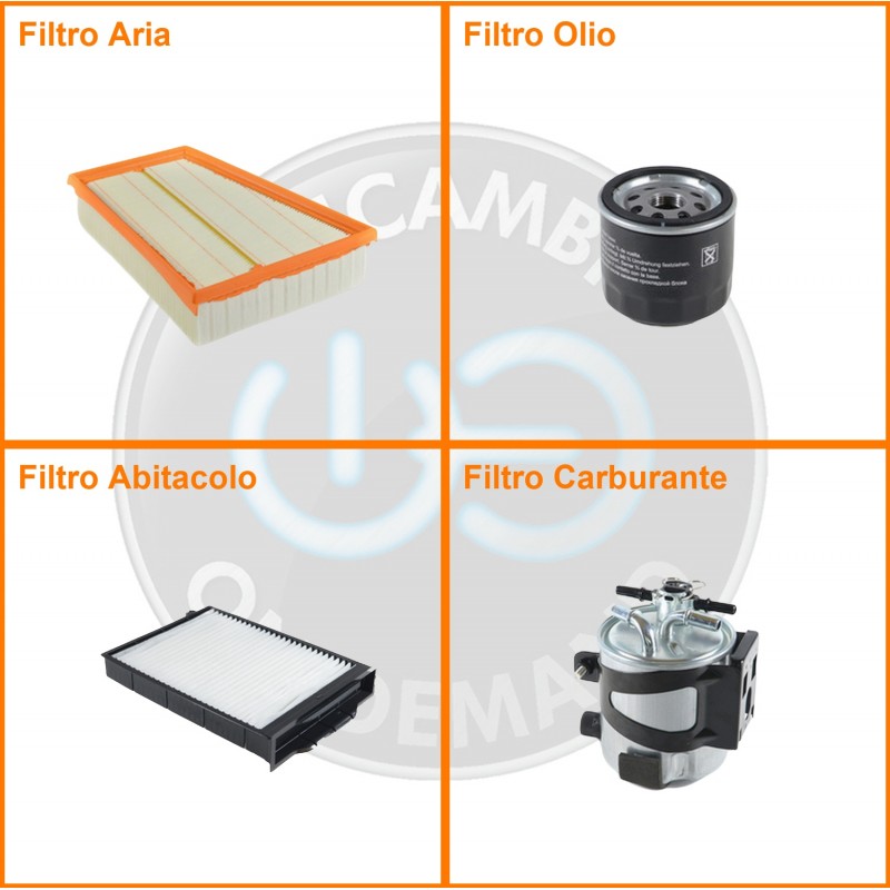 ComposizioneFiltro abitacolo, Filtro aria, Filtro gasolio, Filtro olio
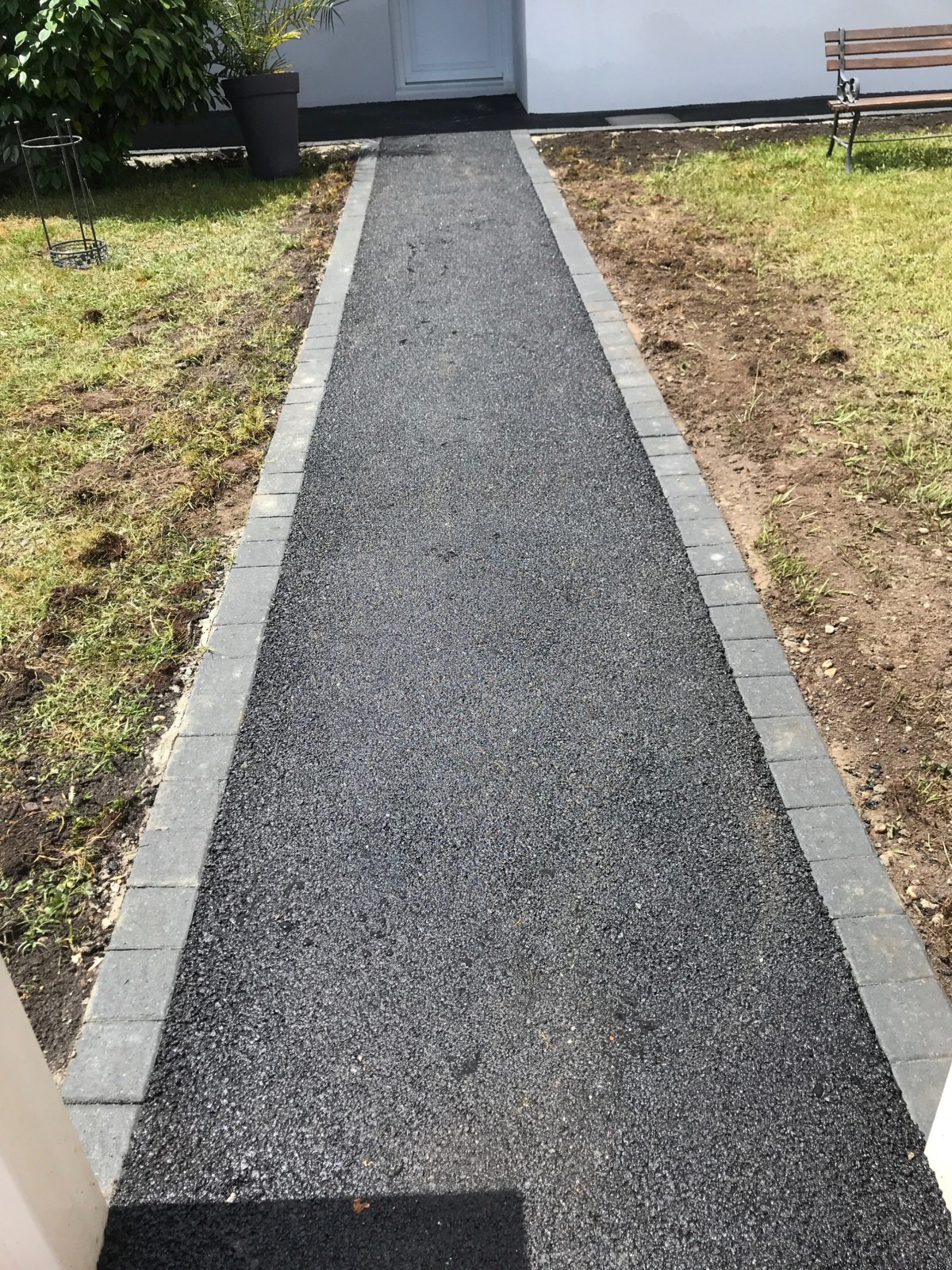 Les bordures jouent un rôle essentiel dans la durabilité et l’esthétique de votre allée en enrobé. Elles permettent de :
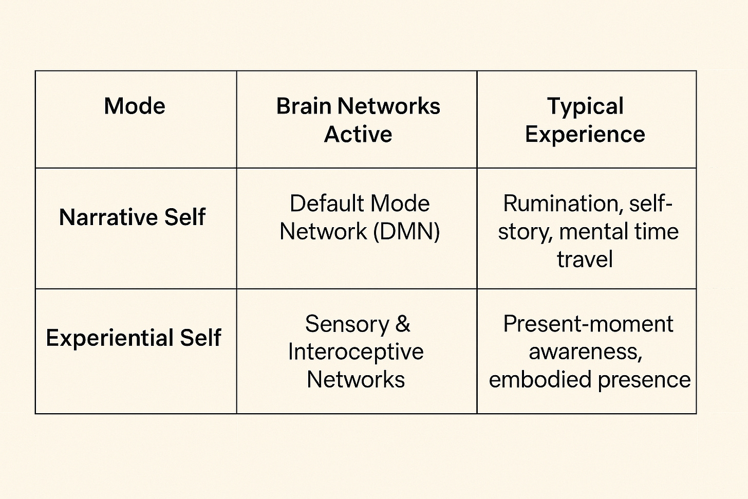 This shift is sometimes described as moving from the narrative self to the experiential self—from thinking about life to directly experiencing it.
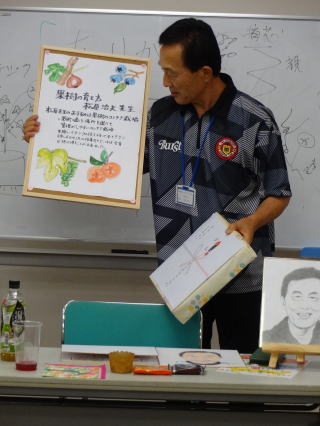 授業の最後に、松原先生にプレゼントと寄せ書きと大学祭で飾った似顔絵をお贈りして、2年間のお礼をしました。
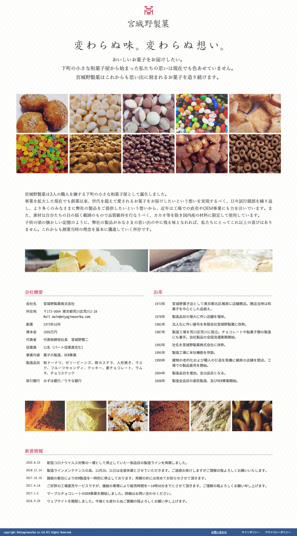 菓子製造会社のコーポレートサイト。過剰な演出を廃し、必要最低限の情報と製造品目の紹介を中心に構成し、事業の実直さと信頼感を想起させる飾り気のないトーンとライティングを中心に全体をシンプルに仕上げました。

...

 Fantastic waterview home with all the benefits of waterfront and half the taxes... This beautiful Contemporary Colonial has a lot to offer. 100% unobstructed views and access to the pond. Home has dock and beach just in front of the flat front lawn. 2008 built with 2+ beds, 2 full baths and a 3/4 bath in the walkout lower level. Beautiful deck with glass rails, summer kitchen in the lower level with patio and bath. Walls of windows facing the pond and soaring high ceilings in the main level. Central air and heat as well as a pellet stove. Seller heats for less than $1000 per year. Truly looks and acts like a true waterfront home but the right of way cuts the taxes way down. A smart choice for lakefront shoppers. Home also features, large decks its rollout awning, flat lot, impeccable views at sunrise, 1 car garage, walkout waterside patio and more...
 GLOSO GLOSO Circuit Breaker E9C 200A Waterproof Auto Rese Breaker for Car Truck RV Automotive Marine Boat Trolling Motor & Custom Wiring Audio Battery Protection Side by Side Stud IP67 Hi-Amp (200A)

...

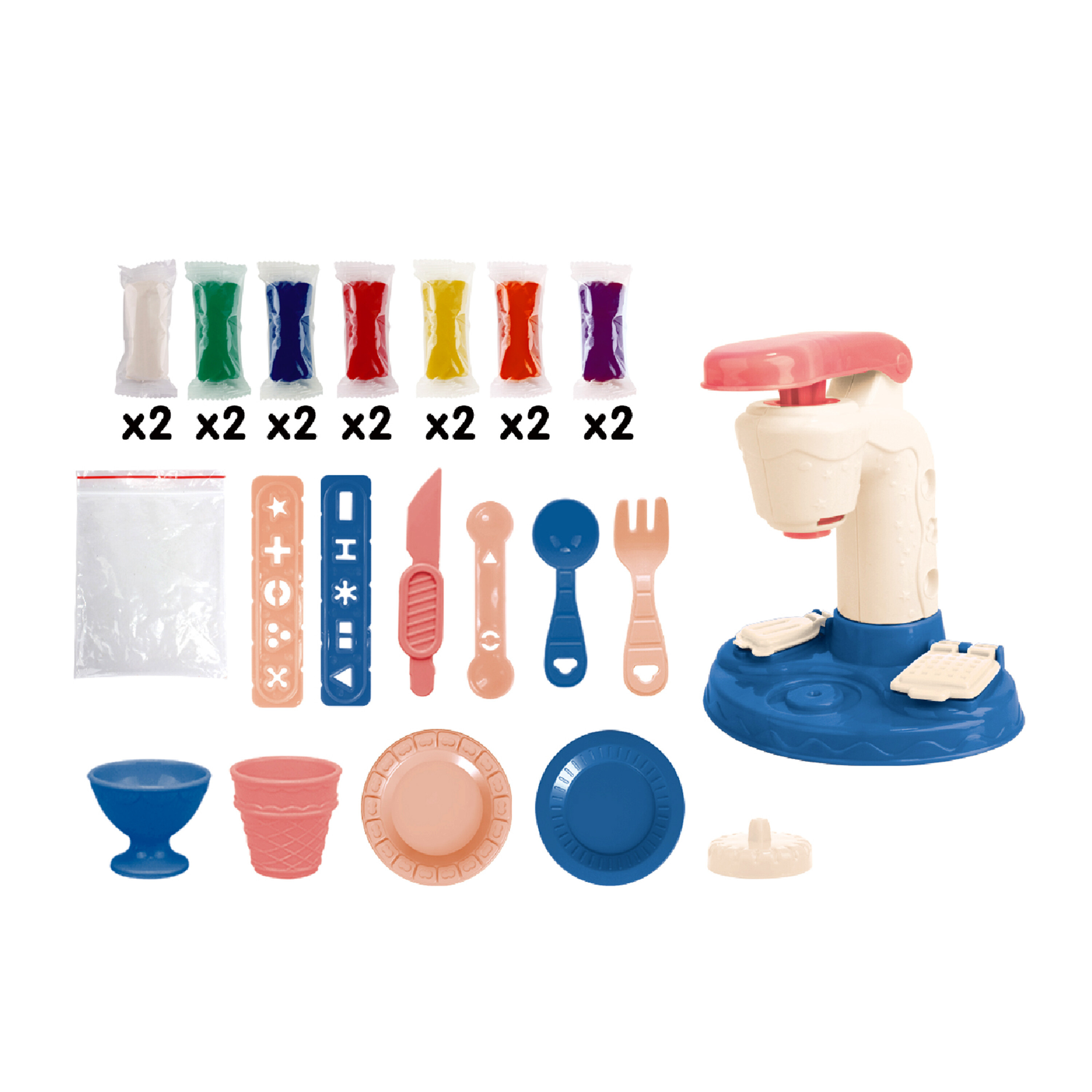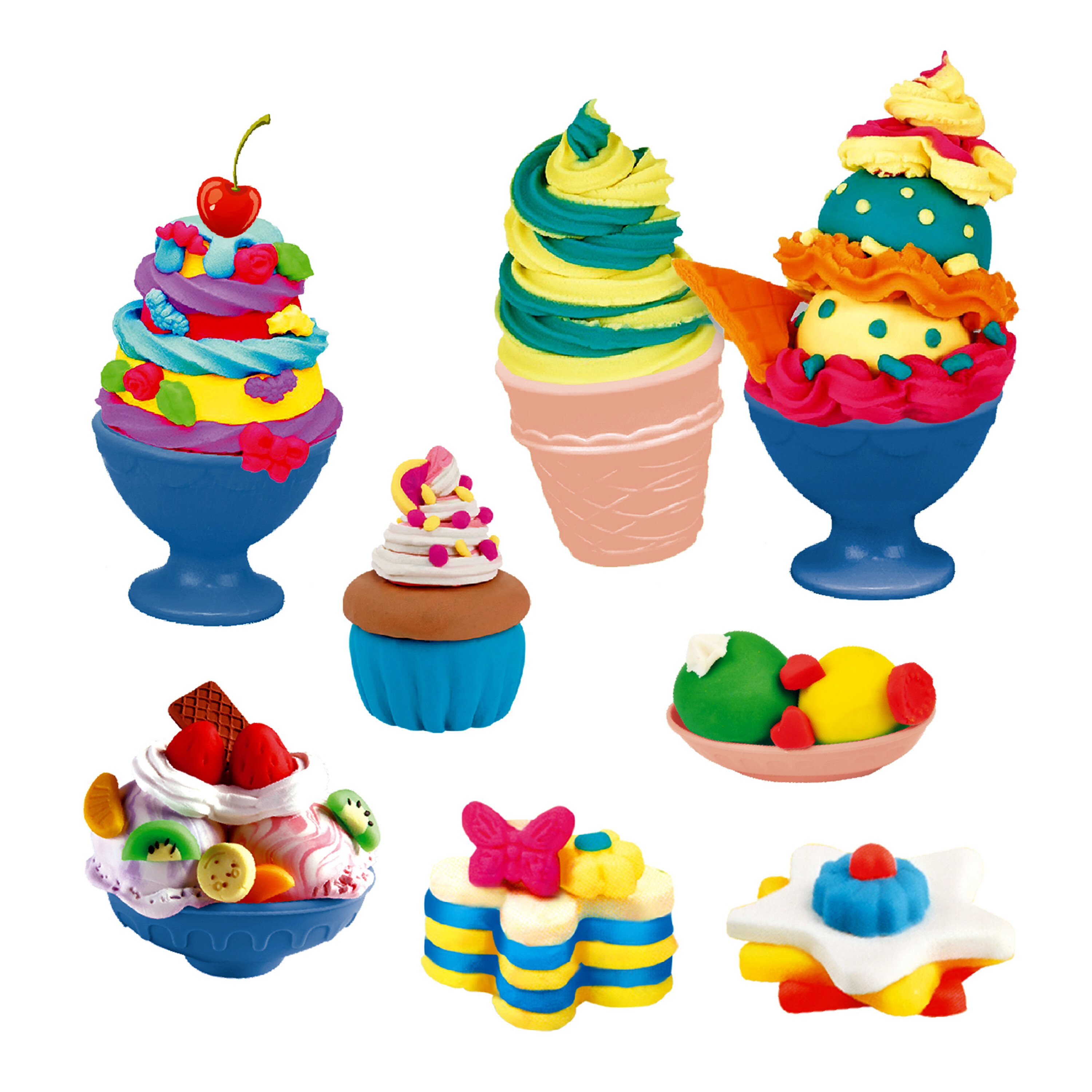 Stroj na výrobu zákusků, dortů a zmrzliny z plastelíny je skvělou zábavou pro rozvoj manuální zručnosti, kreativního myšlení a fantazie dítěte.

Directions for this task:
Write out word for word the lines of the listing above from the line with "ComposizioneFiltro abitacolo, Filtro" to the line with "菓子製造会社のコーポレートサ", taking in both of those lines but no pictures.

Result for this task:
 ComposizioneFiltro abitacolo, Filtro aria, Filtro gasolio, Filtro olio
 Les bordures jouent un rôle essentiel dans la durabilité et l’esthétique de votre allée en enrobé. Elles permettent de :
 This shift is sometimes described as moving from the narrative self to the experiential self—from thinking about life to directly experiencing it.
 授業の最後に、松原先生にプレゼントと寄せ書きと大学祭で飾った似顔絵をお贈りして、2年間のお礼をしました。
 菓子製造会社のコーポレートサイト。過剰な演出を廃し、必要最低限の情報と製造品目の紹介を中心に構成し、事業の実直さと信頼感を想起させる飾り気のないトーンとライティングを中心に全体をシンプルに仕上げました。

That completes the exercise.